In the entries below, repeat only the lines between those holding "Po vlerësoni:Kuti caji" and "D Adjustable premium - CORRECT ANSWER ✔✔- B", inclusive. Leave pictures out.

****

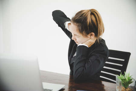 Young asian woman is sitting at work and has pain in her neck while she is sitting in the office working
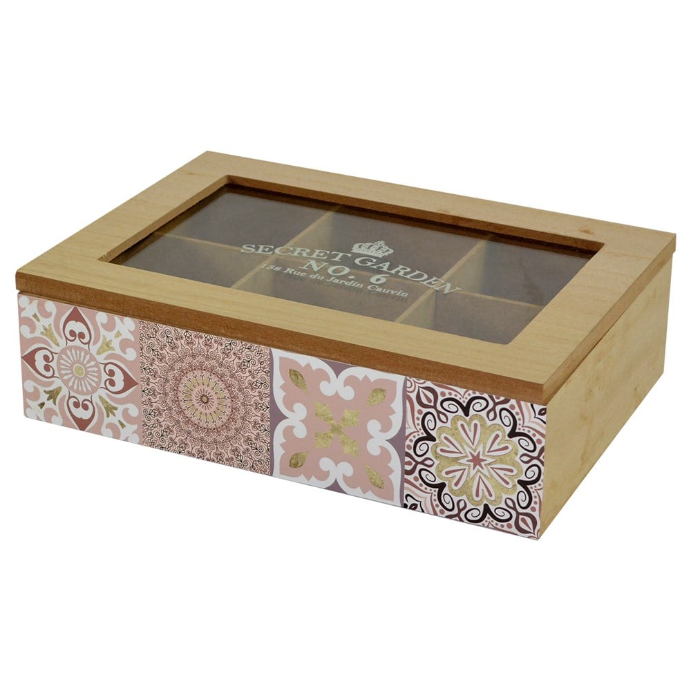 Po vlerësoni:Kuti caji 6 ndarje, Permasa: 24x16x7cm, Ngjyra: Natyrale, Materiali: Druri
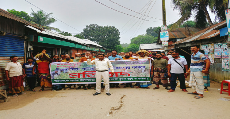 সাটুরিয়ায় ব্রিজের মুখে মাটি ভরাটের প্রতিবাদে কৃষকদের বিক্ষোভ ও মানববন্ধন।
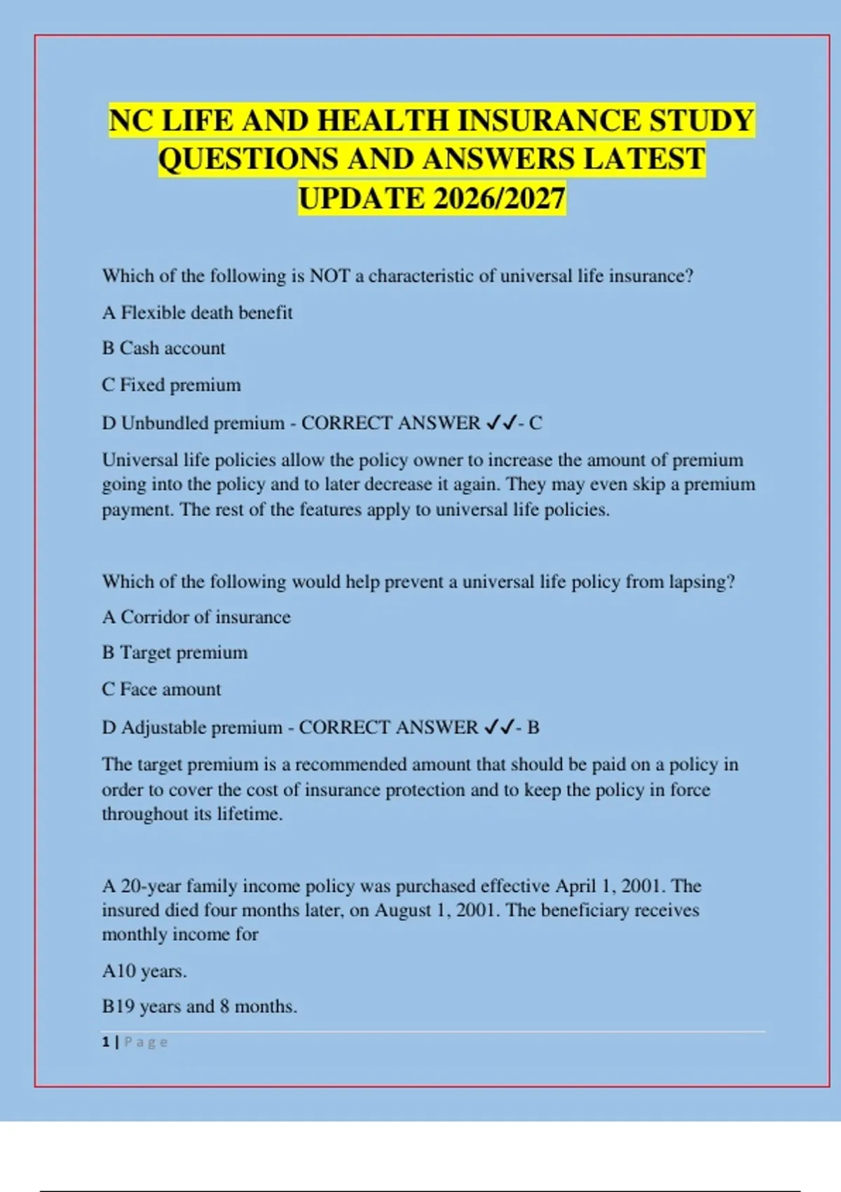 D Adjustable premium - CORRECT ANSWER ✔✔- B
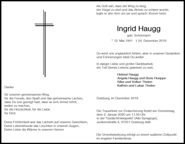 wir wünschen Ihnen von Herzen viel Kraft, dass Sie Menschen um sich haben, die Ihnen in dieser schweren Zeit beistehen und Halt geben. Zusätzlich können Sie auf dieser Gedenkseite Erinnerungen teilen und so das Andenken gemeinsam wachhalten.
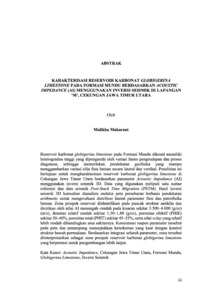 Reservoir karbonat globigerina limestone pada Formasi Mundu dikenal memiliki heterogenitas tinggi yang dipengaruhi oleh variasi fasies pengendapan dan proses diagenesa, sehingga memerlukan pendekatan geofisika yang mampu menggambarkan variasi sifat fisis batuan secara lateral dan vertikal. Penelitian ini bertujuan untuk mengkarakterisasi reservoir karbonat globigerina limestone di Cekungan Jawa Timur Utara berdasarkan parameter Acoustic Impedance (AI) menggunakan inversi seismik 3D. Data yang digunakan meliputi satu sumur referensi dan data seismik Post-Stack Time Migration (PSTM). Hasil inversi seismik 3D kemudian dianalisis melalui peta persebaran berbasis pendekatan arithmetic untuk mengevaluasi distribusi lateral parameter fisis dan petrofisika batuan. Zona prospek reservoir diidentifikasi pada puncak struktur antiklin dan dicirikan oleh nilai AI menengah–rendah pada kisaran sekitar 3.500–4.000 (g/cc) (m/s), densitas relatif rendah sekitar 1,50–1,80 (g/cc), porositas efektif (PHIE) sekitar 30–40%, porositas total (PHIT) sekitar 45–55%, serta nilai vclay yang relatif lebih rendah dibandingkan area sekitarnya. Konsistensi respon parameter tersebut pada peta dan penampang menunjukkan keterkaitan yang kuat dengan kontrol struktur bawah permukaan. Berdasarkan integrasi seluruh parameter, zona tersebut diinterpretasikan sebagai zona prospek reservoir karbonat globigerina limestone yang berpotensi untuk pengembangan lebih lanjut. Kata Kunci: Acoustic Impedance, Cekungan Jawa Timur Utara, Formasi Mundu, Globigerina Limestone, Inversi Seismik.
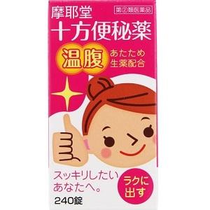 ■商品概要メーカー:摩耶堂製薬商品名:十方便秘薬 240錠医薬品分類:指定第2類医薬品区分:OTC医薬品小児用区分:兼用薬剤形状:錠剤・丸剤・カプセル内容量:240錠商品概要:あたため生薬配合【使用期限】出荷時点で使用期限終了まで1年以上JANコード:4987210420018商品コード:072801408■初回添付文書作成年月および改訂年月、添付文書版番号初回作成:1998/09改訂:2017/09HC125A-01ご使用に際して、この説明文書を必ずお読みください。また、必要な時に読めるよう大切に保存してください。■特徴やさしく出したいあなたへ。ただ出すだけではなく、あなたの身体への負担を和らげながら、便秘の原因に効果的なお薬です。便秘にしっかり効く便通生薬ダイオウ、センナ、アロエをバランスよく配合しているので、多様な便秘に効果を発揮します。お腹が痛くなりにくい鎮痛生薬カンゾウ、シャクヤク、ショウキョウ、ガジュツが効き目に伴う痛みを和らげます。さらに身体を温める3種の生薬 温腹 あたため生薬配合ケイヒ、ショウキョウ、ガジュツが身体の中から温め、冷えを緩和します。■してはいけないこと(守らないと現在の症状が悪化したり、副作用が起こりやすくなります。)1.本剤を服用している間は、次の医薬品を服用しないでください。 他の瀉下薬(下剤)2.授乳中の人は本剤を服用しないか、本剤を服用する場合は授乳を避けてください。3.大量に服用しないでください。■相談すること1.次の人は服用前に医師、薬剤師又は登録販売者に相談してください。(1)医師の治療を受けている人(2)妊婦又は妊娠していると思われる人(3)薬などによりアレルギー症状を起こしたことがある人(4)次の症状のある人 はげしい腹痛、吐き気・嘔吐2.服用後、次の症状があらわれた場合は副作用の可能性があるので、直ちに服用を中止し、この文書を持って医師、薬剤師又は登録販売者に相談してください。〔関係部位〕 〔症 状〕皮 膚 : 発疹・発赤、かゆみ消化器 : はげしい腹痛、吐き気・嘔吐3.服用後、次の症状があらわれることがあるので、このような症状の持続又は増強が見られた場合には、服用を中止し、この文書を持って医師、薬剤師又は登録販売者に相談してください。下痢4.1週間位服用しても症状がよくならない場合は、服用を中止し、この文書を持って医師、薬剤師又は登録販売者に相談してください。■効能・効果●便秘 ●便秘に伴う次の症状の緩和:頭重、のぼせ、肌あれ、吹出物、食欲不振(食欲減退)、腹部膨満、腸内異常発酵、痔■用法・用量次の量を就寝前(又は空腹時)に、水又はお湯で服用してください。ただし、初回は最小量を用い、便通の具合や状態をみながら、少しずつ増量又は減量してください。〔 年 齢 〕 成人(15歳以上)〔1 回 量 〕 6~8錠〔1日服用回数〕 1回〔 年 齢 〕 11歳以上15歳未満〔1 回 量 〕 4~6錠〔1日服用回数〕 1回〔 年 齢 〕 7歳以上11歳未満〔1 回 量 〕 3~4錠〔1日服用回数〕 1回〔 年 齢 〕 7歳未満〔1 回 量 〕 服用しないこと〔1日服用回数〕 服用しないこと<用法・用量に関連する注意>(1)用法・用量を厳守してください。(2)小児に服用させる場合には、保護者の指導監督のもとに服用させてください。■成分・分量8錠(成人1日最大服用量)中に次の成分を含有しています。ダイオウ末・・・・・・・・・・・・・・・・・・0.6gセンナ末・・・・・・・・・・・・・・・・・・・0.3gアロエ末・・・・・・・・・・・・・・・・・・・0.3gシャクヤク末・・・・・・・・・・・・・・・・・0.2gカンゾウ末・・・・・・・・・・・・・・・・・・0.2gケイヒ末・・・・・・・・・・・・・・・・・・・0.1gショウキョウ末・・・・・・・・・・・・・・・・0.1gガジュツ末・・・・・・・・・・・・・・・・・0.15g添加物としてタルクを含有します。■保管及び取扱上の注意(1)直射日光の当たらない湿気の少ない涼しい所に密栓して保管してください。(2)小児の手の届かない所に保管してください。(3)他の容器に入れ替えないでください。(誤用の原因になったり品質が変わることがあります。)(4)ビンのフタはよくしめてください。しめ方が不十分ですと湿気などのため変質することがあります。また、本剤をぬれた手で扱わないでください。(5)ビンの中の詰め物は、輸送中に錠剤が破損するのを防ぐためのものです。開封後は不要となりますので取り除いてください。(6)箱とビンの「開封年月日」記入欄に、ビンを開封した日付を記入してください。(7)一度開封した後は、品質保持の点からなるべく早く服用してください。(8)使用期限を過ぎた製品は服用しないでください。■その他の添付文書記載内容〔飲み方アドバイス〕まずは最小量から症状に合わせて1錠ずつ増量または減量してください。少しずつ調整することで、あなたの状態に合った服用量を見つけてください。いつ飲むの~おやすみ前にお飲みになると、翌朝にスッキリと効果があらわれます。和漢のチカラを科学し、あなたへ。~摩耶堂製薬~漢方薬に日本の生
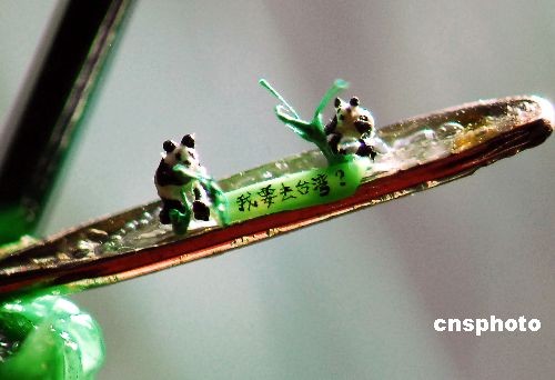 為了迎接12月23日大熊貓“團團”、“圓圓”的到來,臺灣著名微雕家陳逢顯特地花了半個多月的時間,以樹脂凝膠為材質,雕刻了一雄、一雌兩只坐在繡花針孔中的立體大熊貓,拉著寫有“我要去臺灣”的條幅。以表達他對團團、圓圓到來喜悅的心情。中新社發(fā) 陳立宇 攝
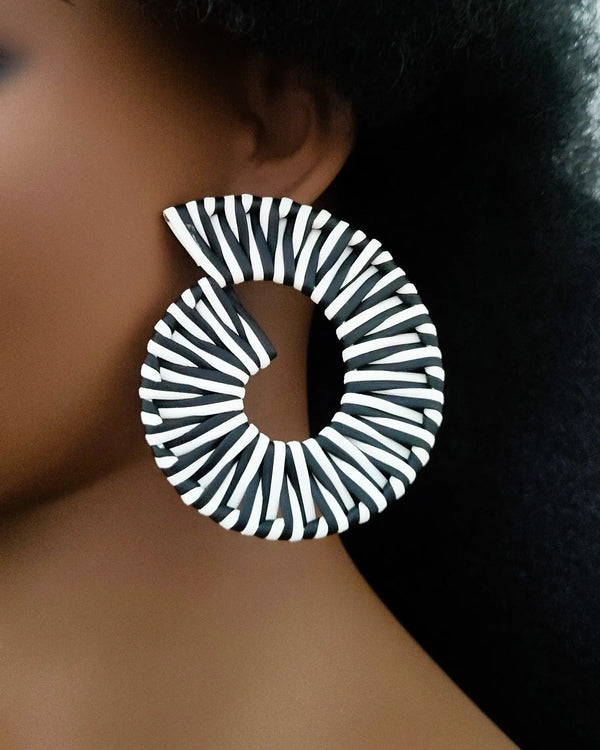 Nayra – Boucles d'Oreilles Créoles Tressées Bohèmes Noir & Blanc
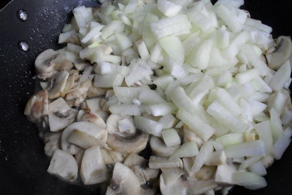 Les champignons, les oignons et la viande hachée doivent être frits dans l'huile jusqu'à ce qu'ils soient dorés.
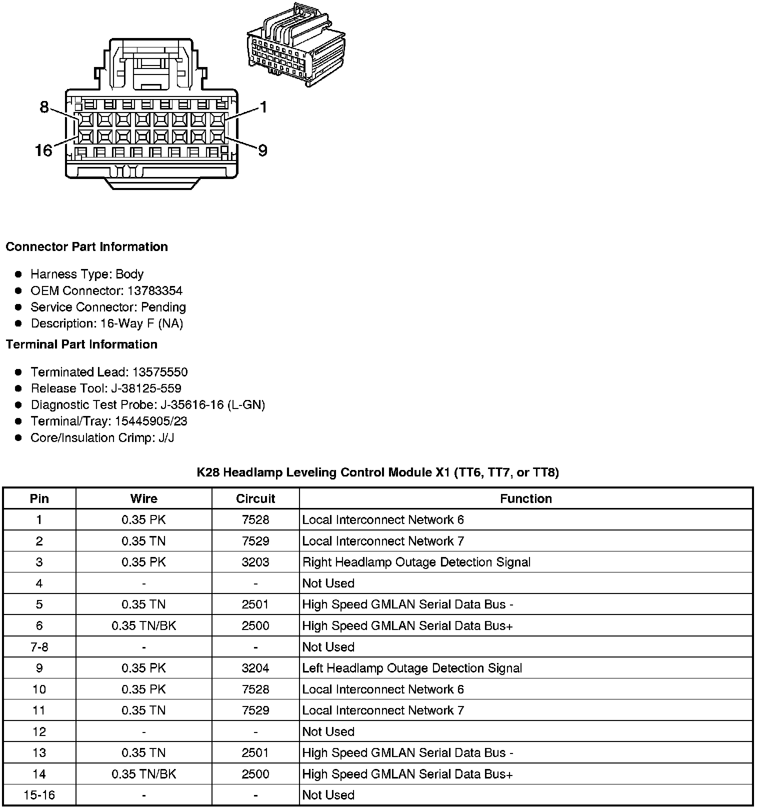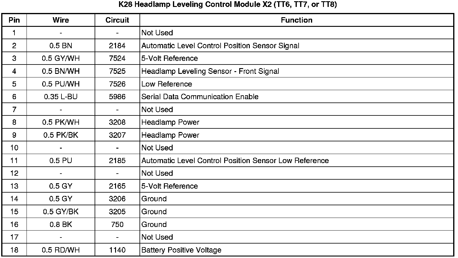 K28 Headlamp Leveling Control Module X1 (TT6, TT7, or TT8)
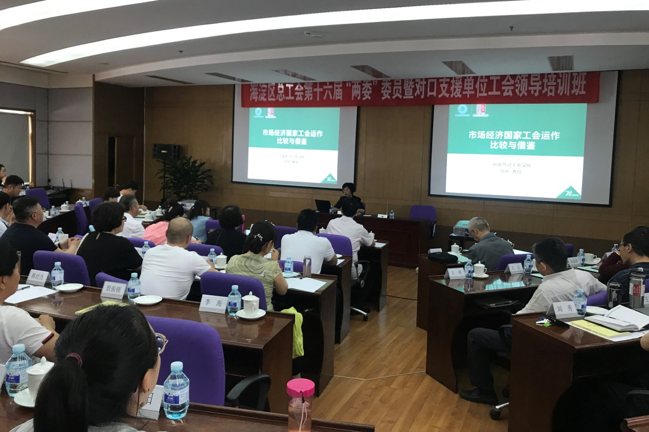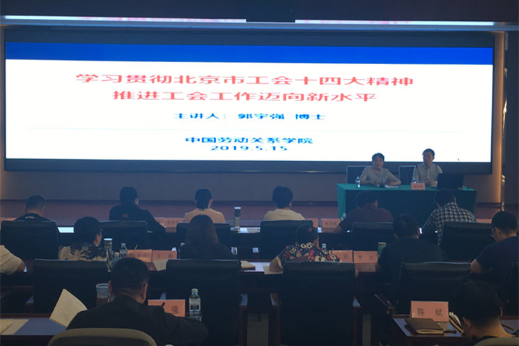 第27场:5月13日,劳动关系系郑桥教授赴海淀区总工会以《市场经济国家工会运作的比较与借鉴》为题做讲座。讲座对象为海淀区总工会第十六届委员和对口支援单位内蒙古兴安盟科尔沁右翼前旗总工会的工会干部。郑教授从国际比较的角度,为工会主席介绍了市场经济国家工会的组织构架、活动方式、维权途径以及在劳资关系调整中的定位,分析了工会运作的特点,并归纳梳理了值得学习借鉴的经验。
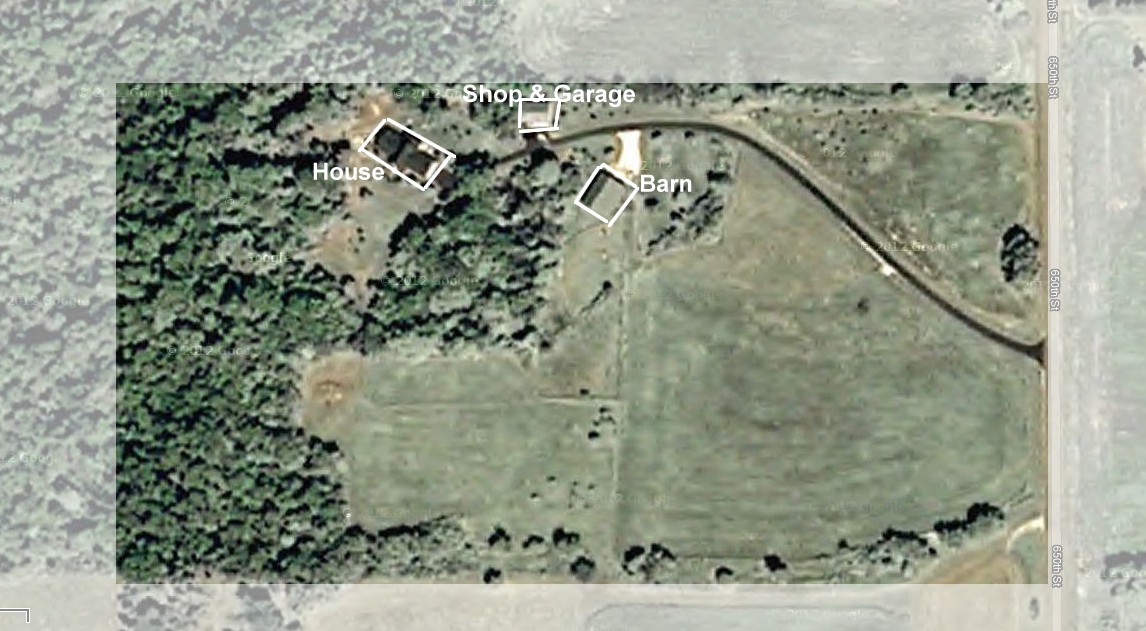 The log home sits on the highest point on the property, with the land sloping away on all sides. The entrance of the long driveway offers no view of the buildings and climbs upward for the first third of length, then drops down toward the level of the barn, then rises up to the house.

****

» **THE COMPLETED TASK**
 Po vlerësoni:Kuti caji 6 ndarje, Permasa: 24x16x7cm, Ngjyra: Natyrale, Materiali: Druri
 সাটুরিয়ায় ব্রিজের মুখে মাটি ভরাটের প্রতিবাদে কৃষকদের বিক্ষোভ ও মানববন্ধন।
 D Adjustable premium - CORRECT ANSWER ✔✔- B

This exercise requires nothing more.